Una delle poche vere novità è stata la premiata ditta Judd Apatow, capace di passare dalla televisione al cinema con immutata intelligenza, mescolando alla risata la promozione a protagonisti di uomini (o donne) normali, umani, anche goffi, contribuendo a sdoganare il pianto maschile al cinema e la pensione anticipata per il macho a tutti i costi. Ora lancia anche al cinema un talento della comicità da palco, della stand up comedy che ha regalato generazione di talenti alla risata americana: si tratta di Kumail Nanjiani, nominato agli Emmy per la divertente serie Silicon Valley, che in The Big Sick ha raccontato la storia vissuta da lui e da Emily V. Gordon, ovviamente con qualche licenza artistica. I due hanno scritto la sceneggiatura, mentre la regia è stata affidata da Apatow, qui produttore, a Michael Showalter, altro comico che viene dagli sketch. Al Sundance Amazon non se l’è lasciato sfuggire e al botteghino americano è stato un grande successo.

Come Aziz Ansari per il formato da 30’ in Master of None, scuderia Netflix, Nanjiani ha tentato di aggiornare la commedia, senza paura di definirla romantica, all’America dei nostri giorni; almeno quella delle due coste più socialmente avanzate. Ha inglobato l’immigrato di seconda generazione - proveniente dal sub continente indiano - fra quelli che ridono, non solo fra quelli che della risata sono vittime. Una bocca d’aria fresca per un territorio asfittico, trovando nuovi angoli nascosti e inesplorati nel racconto con ironia della convivenza fra culture, più che altro nello stile - di scrittura e recitativo - di messa in scena della storia d’amore fra un giovane comico di Chicago, di famiglia pakistana, che fa l’autista per Uber mentre cerca di sfondare nel suo lavoro, e dribbla le sempre più insistenti richieste della famiglia di sistemarsi con una bella donna... pakistana. Un sano matrimonio combinato come tradizione vuole.

The Big Sick pone un altro ostacolo apparentemente insuperabile alla risata: la malattia, come suggerisce il titolo.
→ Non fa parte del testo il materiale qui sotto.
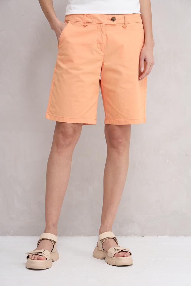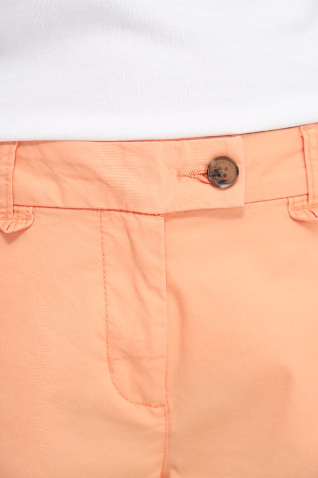 Персиковый цвет шорт придаёт им свежий и летний вид. Они прекрасно сочетаются с различными топами, футболками и блузками, позволяя создавать разнообразные образы для повседневной носки. Состав ткани: 86% хлопок, 11% эластомультиэстер, 3% эластан.

Occasione nella quale dimostra le sue migliori qualità, riuscendo a schivare la retorica del politicamente corretto - qualche volta affiorante consolatoria nella prima parte -, grazie alla scrittura asciutta e all’interpretazione piena di quiete pronta a esplodere verso direzioni impreviste dei genitori di lei, magnificamente interpretati da Holly Hunter e Ray Romano. Ma sono i due protagonisti che rendono il film davvero godibile: Kumail Nanjiani, fra il divertente e il pasticcione, e Zoe Kazan, tenace eppure piena di fragilità come in Ruby Sparks. Fa piacere salutare un film adulto, che rispetta il proprio pubblico senza dover cadere in banalizzazioni infantili.

Rimane una tendenza a rimanere nell’ambito della piacevolezza accomodante, eccentricità accolta dal mainstream in quanto in fondo innocua, smentendo la portata dirompente della stand up comedy, come dimostrato da alcune battute presenti proprio nel film.